The Scale: friend or foe?


It’s one thing to tell someone to “love themselves,” it’s another to give them tangible ways to work on loving themselves.

Environmental triggers can set our minds spiraling towards negative body talk, a common one being the demonized bathroom scale. A mere $15 at your local Canadian Tire, but for many, can costs them quality of life.

Screen Shot 2018-04-14 at 9.53.47 PM
I got upset after realizing I was significantly heavier than my mom at 12 years old.

You don’t magically wake up one day feeling great about gaining 10 pounds. Putting on weight helped my strength soar, but seeing the scale number climb on a weekly basis was an entirely new emotional experience.

The scale

The scale isn’t the problem. The scale exists to weigh your mass times gravitational acceleration. C’est tout.

My Post
I weighed myself, moved the scale 90 degrees and weighed in 30 seconds later. So are you really going to be upset about “weighing” in heavier?

The problem is the messages we are fed from the consumer health industry, fragile men, our peers, and most notably: our mothers.

It’s not the scale’s purpose to measure your confidence, beauty and worth, it never asked for that kind of responsibility. I also don’t believe you should avoid it forever. Just because you aren’t obsessively weighing yourself, avoiding the scale out of fear, still gives it power over you. It is time you take that power back.

So I have outlined 3 ritualistic steps I have used to transition from being afraid, attached, upset at the scale to finally simply accepting it.

Approach & Be Prepared.

The first thing you need to do is arrive prepared and reflect on your week. Did I eat out frequently? Did I consume alcohol? Did my workouts change? Do I even know what water tastes like anymore?

I always approach the scale thinking I am probably around xlbs because of “y” rather than, I will be upset with any number above “x.”

I try to lovingly name and pet my food babies instead of trying to suck them in.

Finding out you’re 3 pounds heavier after you predicted a larger jump will help make the experience a generally more positive one.

Prepare a realistic prediction and ALWAYS overestimate the number. Learning how to create a realistic prediction comes with time. I taught myself the skill by ruthlessly weighed myself at all hours of the day, all points in my menstrual cycle, and immediately after large meals. I put myself on a bit of a roller coaster, but I came out of it much more in tune with my body.

Step on & Be Patient.

If the number you see makes you feel unsettled, try to bring yourself to say things like: all in due time or this is a stepping stone to getting stronger or I will be patient and kind with my body as it learns to adapt.

I promise your life isn’t ending. 

It’s time to change your frame of mind as your brain, look at the bigger picture.

Your weight at any point in time, is exactly that. One point. It’s not a trend line or a health assessment. It does not measure passion, progress or effort. How different is 130 pounds from 135 pounds, if you are eating well and exercising regularly.

If your weight was plotted on a graph where the bottom axis runs from birth to death, your weight at this very moment would barely be visible. Rushing change will get you nowhere, take a deep breath, and say a silent thank you to your body for waking up today.

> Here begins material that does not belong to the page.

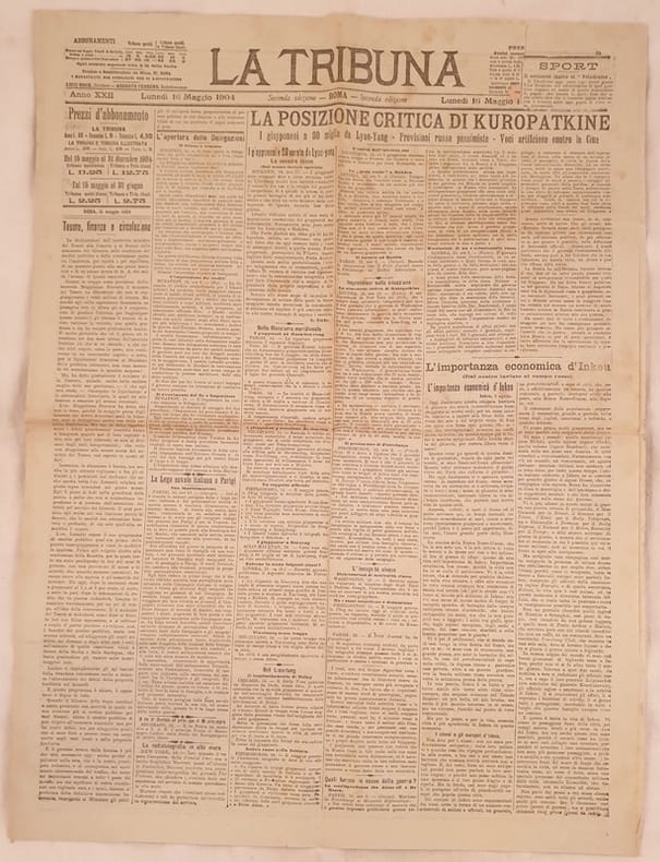 Numero del 16 maggio 1904 del quotidiano "La Tribuna" fondato a Roma nel 1883 dai politici Alfredo Baccarini e Giuseppe Zanardelli. Venne pubblicato fino al Novembre 1946.<BR>All'interno: La posizione critica di Kuropatkine, Nella Manciuria meridionale, L'importanza economica di Inkeu, La lega navale italiana a Parigi, il bombardamento di Dainy, il colloquio di Nisch, La gara musicale di Milano, 14 scheletri trovati presso Palermo, I romagnoli nell'Agro, Un comizio a Grottaferrata, il comizio anticlericale di Terni, scandalo Nasi, Tor di Quinto ecc..<BR>In buone condizioni. Raro. Brossura editoriale in buone condizioni generali con lievi usure ai margini e dorso. Piegature. Legatura assente. All'interno le pagine si presentano in buone condizioni con rare fioriture. Parte mancante alla prima pagina con perdita di testo. In folio. Dim. 60,5x45 cm. Pp. 6. Number of the 16th of may 1904 of the daily magazine "La Tribuna" established in Rome in 1883 by the politicians Alfredo Baccarini and Giuseppe Zanardelli. It was published until the november 1946.<BR>Inside: the position of Kuropatkine, In southern Manciuria, the economic importanceInkeu, italian naval league in Paris, the bombing of Dainy, the speech of Nisch, the musical award in Milan, 14 skeletons found near Palermo, romagnoli in Agro, Grottaferrata, Terni, scandalo Nasi, Tor di Quinto.<BR>In good conditions. Editorial cover in good general conditions slightly worn in the edges and spine. Foldings. Binding is missing. Inside pages are in good conditions with occasional foxings. Missing part in the first page with loss of text. In folio. Dim. 60,5x45 cm. Pp. 6.

Having goals is important, but adjusting your path to achieve your goals is sometimes necessary. We don’t live in a perfect world, quit expecting your body to be perfect.

Step off & Stay Positive.

Stay positive from the moment you decide to weigh yourself to the 15 min afterwards. Positive affirmations are everything when it comes to developing a healthy relationship with the scale.

Have a conversational pep talk with yourself once you step off. It will actively work to block out the things your mind is trying to say.


Look in the mirror without prodding, poking, jiggling, sucking in or twisting. Find appreciation for the untouched version of you. Say you are strong, kind, intelligent, loved and happy.

Show your body the respect it deserves for its consistent loyalty and resilience. And I don’t care if you don’t truly believe these “positive” statements, say them anyways.

Take home message

If stepping on the scale leaves you feeling sad, down or anxious, you’re not alone. But changing the reaction starts with changing the conversation from the moment you decide to weigh in, to the 15 minutes upon stepping off the scale.

Show up prepared, understand you must be patient, and continuously circulate positive messages inside your head. If may feel forceful and fake, but that’s okay.

And remember, acceptance comes with time and it starts with the realization that you are your most important hype(wo)man, forever and always.

Goal Bodyweight? The one where IDGAF.

2 Comments Add yours

  1. The scale is meaningless. I went in for an annual check up last fall, and the nurse said she had to give me some counseling on diet and exercise because my BMI was too high. 5’10”, 205 lbs. I told her I’d busted my ass for ten years lifting weights to weigh 205 (but I said it more nicely), and I didn’t go back.


  2. Elle says:

    It serves a very clear cut purpose of telling you weight but unfortunately humans tend to then extrapolate that as a way measure health, strength or value as a human.